Linux – Software raid mdadm not adding spare

kvm-virtualizationlinuxmdadmraidsoftware-raid

I just discovered the same problem on two brand new and identical servers installed only about 9 months ago. I was unable to write to the disk on both of them, because the system had marked it read-only. Logs indicated there was some sort of disk error on both.

Note that I'm running KVM with several guests on each of these servers. The guests were all running fine, but the problem was in the KVM host. This probably doesn't matter, but maybe it pertains. Both systems have only two drives with software raid1 and LVM on top. Each KVM guest has its own LVM partition as well.

Both systems were showing a degraded RAID1 array when looking at /proc/mdstat.

So I rebooted one of the systems, and it told me I needed to manually run fsck. So I did so. It appeared to fix the problems and a reboot brought the system back up normally. The same process worked on the 2nd server as well.

Next I ran mdadm --manage /dev/md0 --add /dev/sdb1 to add the failed drive back into the array. This worked fine on both servers. For the next hour or so, looking at /proc/mdstat showed progress being made on the drives syncing. After about an hour, one system finished, and /proc/mdstat showed everything working nicely with [UU].

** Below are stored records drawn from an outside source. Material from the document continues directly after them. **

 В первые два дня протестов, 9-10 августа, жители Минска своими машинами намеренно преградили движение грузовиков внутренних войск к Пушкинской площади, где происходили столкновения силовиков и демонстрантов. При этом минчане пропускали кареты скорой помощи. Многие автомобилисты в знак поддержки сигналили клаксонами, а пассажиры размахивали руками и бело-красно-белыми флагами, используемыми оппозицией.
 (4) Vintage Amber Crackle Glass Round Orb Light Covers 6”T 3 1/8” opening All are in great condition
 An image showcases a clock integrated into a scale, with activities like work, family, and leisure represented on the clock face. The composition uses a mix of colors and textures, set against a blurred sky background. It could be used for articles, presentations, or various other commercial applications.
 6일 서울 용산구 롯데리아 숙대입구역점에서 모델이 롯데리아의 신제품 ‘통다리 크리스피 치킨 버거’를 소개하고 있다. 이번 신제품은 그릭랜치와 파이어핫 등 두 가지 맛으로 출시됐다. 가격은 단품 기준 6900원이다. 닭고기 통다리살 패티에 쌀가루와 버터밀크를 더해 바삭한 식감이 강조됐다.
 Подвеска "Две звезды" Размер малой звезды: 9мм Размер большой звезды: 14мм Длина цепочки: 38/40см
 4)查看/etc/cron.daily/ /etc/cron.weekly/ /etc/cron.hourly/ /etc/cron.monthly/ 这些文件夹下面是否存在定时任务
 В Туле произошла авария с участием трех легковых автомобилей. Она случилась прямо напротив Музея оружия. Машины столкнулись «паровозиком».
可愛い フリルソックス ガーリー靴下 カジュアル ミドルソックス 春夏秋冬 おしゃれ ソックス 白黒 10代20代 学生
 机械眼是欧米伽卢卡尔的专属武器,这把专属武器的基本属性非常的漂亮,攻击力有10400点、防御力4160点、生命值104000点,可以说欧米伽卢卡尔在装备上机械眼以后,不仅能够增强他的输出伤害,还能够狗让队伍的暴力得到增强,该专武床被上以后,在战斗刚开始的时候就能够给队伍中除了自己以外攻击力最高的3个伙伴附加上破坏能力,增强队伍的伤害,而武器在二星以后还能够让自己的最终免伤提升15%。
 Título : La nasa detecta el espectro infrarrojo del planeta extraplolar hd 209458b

However, on the other system, after about 1.5 hours, the system load skyrocketed and nothing was responsive. A few minutes later, everything came back. But looking at /proc/mdstat now shows the following:

root@bond:/etc# cat /proc/mdstat
Personalities : [linear] [multipath] [raid0] [raid1] [raid6] [raid5] [raid4] [raid10] 
md0 : active raid1 sda1[2] sdb1[1]
      293033536 blocks [2/1] [_U]

unused devices: <none>

As you can see, it appears to be no longer syncing. The percentage completed, time remaining, etc. is no longer show. However, running mdadm --detail /dev/md0 shows this:

root@bond:/etc# mdadm --detail /dev/md0
/dev/md0:
        Version : 00.90
  Creation Time : Mon Nov 30 20:04:44 2009
     Raid Level : raid1
     Array Size : 293033536 (279.46 GiB 300.07 GB)
  Used Dev Size : 293033536 (279.46 GiB 300.07 GB)
   Raid Devices : 2
  Total Devices : 2
Preferred Minor : 0
    Persistence : Superblock is persistent

    Update Time : Fri Sep 10 23:38:33 2010
          State : clean, degraded
 Active Devices : 1
Working Devices : 2
 Failed Devices : 0
  Spare Devices : 1

           UUID : 4fb7b768:16c7d5b3:2e7b5ffd:55e4b71d
         Events : 0.5104310

    Number   Major   Minor   RaidDevice State
       2       8        1        0      spare rebuilding   /dev/sda1
       1       8       17        1      active sync   /dev/sdb1

The bottom line seems to indicate that the spare is rebuilding. Why is it a spare? The system is reporting both devices as clean. It has stayed like this for hours. The drives are small and fast 300GB 10K RPM VelociRaptors, so I would think it would have sync'ed by now. Attempting to re-add says the device is busy:

root@bond:/etc# mdadm /dev/md0 --re-add /dev/sda
mdadm: Cannot open /dev/sda: Device or resource busy

Running dmesg on the "good" server shows this at the end:

[ 4084.439822] md: md0: recovery done.
[ 4084.487756] RAID1 conf printout:
[ 4084.487759]  --- wd:2 rd:2
[ 4084.487763]  disk 0, wo:0, o:1, dev:sda1
[ 4084.487765]  disk 1, wo:0, o:1, dev:sdb1

On the "bad" server, those last 4 lines are repeated hundreds of times. On the "good" server, they only show once.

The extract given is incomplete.